6.2 Un questionnement sur les jeux autour de l’information

Un processus de gestion intégrée de bassin versant commence souvent par la mise en place d’un système d’information, base de connaissance partagée, censée résoudre les problèmes de coordination et de comportements de passagers clandestins dans la gestion du bien commun qu’est le bassin versant. Tout est affiché, chaque usage non conforme avec les règles communes peut être identifié, l’état de la ressource et la mise en œuvre de règles spécifiques déclenchées par l’évolution de cet état sont transparents. Cependant cette information est en fait localisée ou moyennée sur une portion de territoire donnée, les bornes d’enregistrement sont parfois vandalisées, le traitement de l’information peut sembler une boîte noire pour des usagers dont l’accès à cette base de connaissance partagée est parfois difficile du fait d’indicateurs qui ne leur conviennent pas nécessairement. La confiance dans l’usage qui sera fait de l’information délivrée d’une part et dans la pertinence de l’information reçue est mise en cause. Ainsi, dans la Drôme, les agriculteurs sont prêts à diffuser de l’information sur leurs pratiques d’usage de l’eau et leurs assolements au sein d’une structure dépendant de la profession agricole. Celle-ci pourra ensuite échanger des synthèses de ces informations avec les autres secteurs. Les agriculteurs ne sont pas prêts à diffuser individuellement ces informations au niveau de la CLE. Ils souhaitent conserver au niveau de leur profession le contrôle sur les échanges d’infirmation concernant leurs pratiques (Brochier, 2000).

Ces systèmes d’information, ainsi que tout l’appareillage technique et social qui y est associé, se retrouvent en effet pris dans les réseaux d’interactions sous-jacents aux processus de décision collective. Les connaissances apportées lors de la construction d’un système d’information partagé dépendent des réseaux de relations entre les acteurs qui les apportent, tout comme elles modifient ces réseaux.

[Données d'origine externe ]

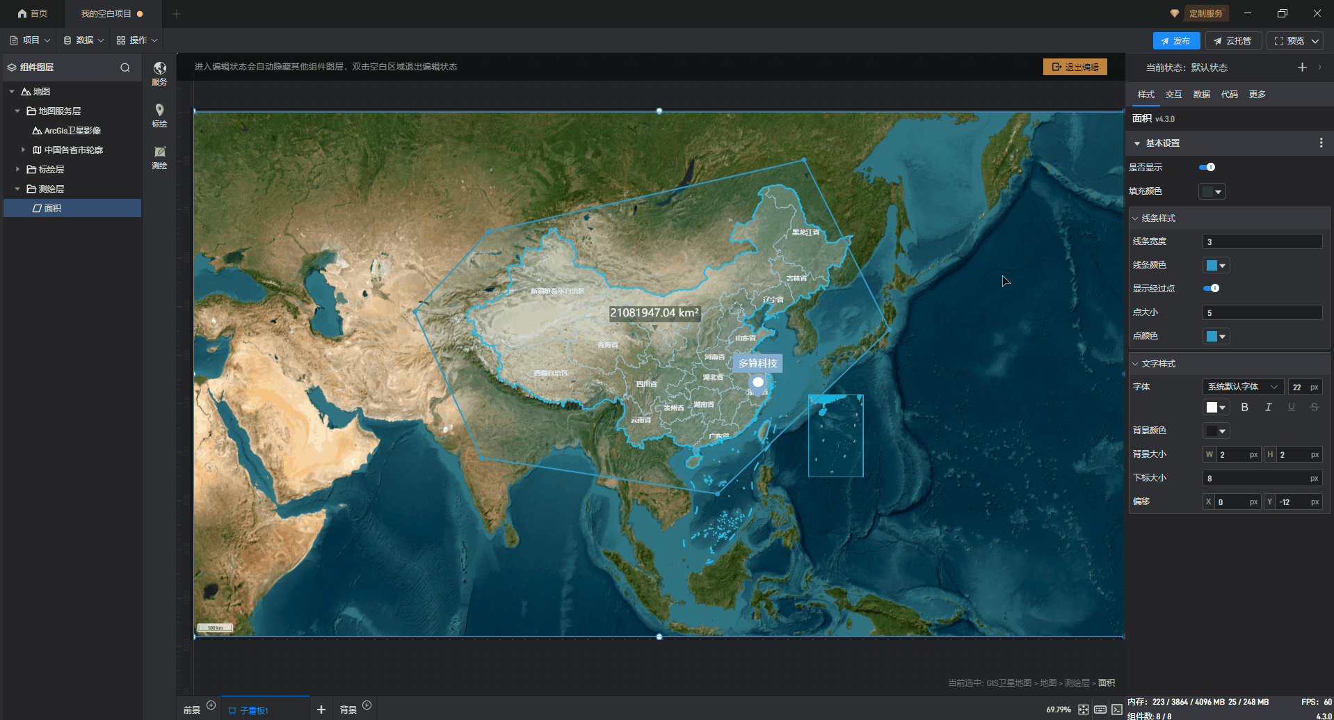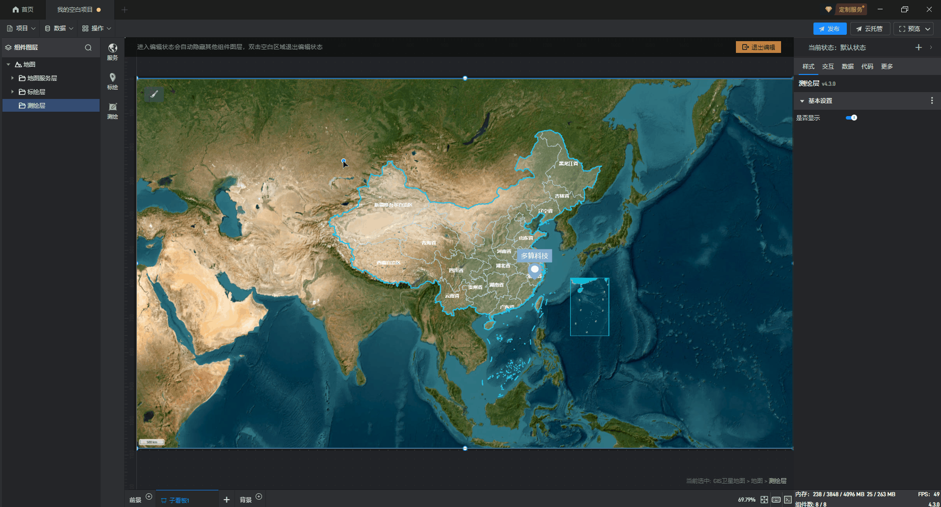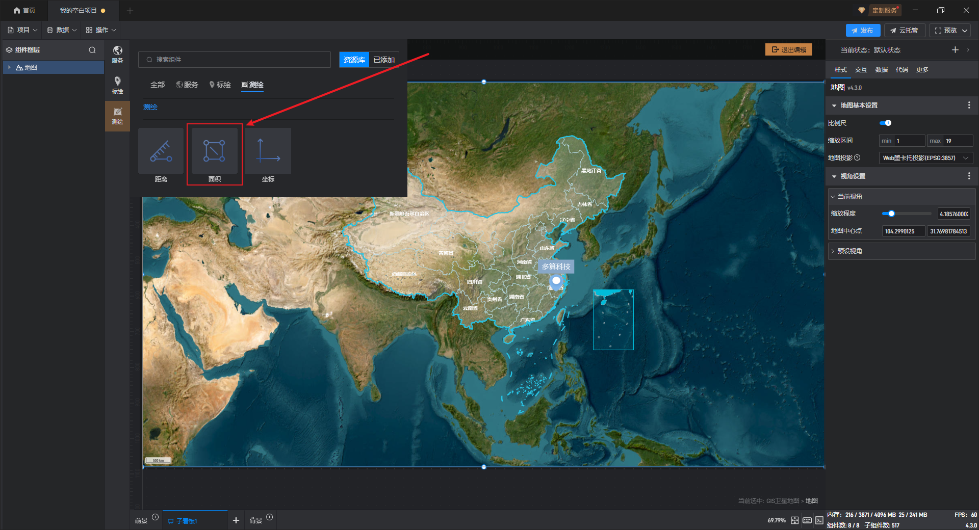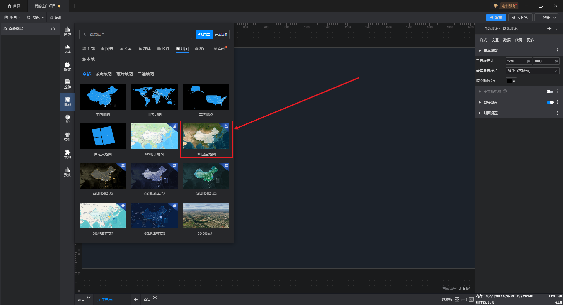 1. 创建一个空白项目后,点击左侧资源库中的“地图”分类,其中GIS 电子地图、GIS 卫星地图、GIS 地图样式这三个组件都属于鲸地图的预设样式,任意选择其中一个添加即可,这里使用“GIS 卫星地图”进行演示。
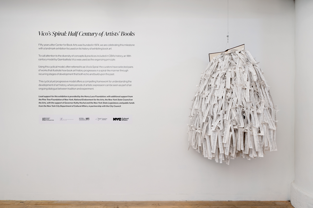 Fifty years after Center for Book Arts was founded in 1974, we are celebrating this milestone with a landmark exhibition focused on its own exhibition history. The overarching theme is the innovative nature of the range & diversity of artists’ books concepts & practices through the lens of Vico’s Spiral: his nonlinear vision of history has proved to be a very useful tool when approaching the recurring ideas and breadth of methodologies presented these past fifty years.
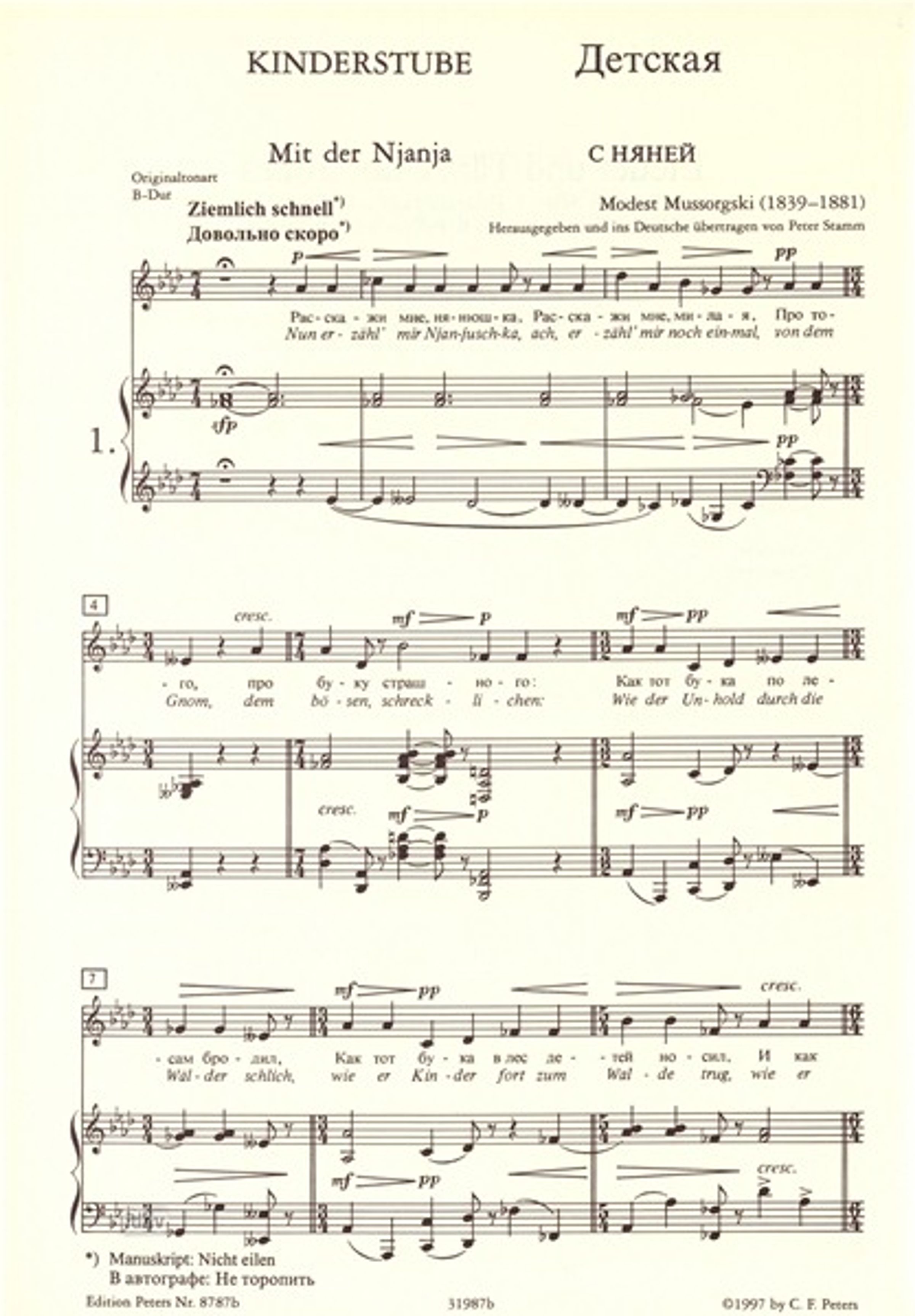 Modest Mussorgsky: Kinderstube - Lieder und Tänze des Todes, Noten, Noten

D’un point de vue théorique, cela pose la question de l’analyse des jeux autour d’un système d’information. Chaque partie prenante ayant intérêt à recueillir le plus possible d’informations valides en en délivrant le moins possible. On se retrouve devant un problème classique de partage d’un bien commun. D’un point de vue opérationnel cela pose les questions de construction de confiance entre les acteurs du bassin, connectés à un système d’information. Le système d’information ne peut pas être imposé comme la solution a priori, mais il doit être construit. Si un système d’information est identifié comme un moyen pertinent, il s’agit alors d’arriver à une combinaison des filtres d’indicateurs pertinents pour les différents. Des moyens tel que la construction progressive et révisable ainsi que le recours à une décontextualisation partielle dans la restitution de cette information peuvent être envisagés. La simulation sociale et la modélisation d’accompagnement constituent des pistes pour aborder cette question. Les jeux autour de l’information sont complexes et leur simulation interactive permet de se donner les moyens de mieux les comprendre, en explorant des scénarios de relations entre détenteurs/usagers/information/gestionnaire. Dans une perspective d’appui à la mise en place d’un système d’information partagé, la modélisation d’accompagnement a le potentiel pour amener à préciser les objectifs qu’il recouvre et à explorer différents scénarios.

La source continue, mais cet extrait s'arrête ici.